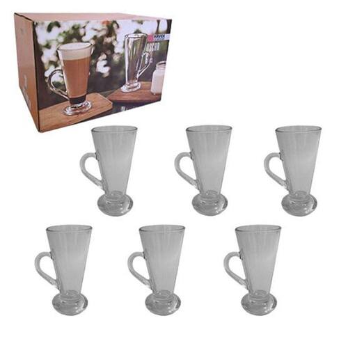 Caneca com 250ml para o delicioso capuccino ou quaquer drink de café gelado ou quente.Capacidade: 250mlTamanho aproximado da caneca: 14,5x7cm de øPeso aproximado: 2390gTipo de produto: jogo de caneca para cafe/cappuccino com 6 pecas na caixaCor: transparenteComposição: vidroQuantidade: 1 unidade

++++

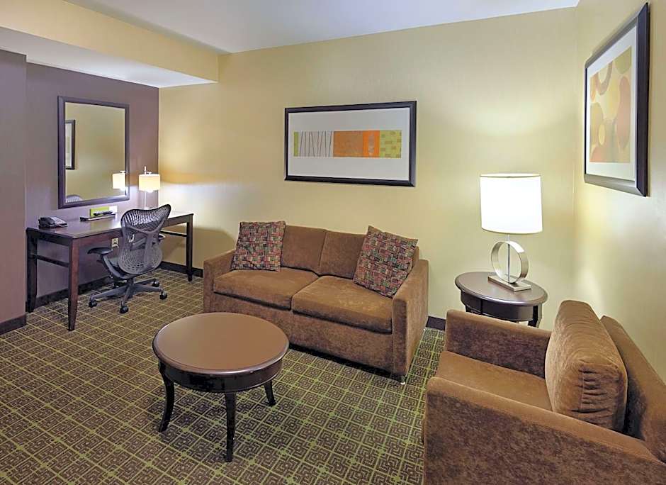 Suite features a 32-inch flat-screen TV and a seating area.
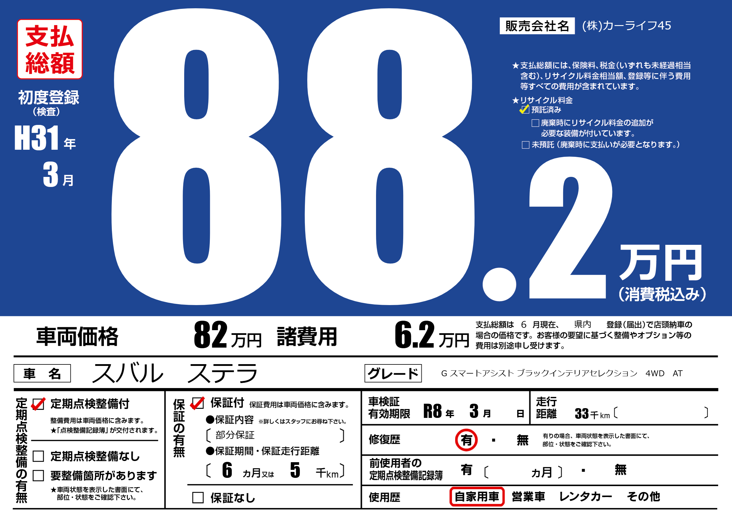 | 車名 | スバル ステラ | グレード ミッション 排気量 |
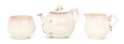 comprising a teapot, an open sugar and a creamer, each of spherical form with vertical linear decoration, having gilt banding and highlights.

++++

• _Work required_
From the records above, transcribe only the stretch from the line with "ミッション 排気量 |" through the line with "comprising a teapot, an", keeping both ends. Omit pictures.

• _Task response_
 | 車名 | スバル ステラ | グレード ミッション 排気量 |
 comprising a teapot, an open sugar and a creamer, each of spherical form with vertical linear decoration, having gilt banding and highlights.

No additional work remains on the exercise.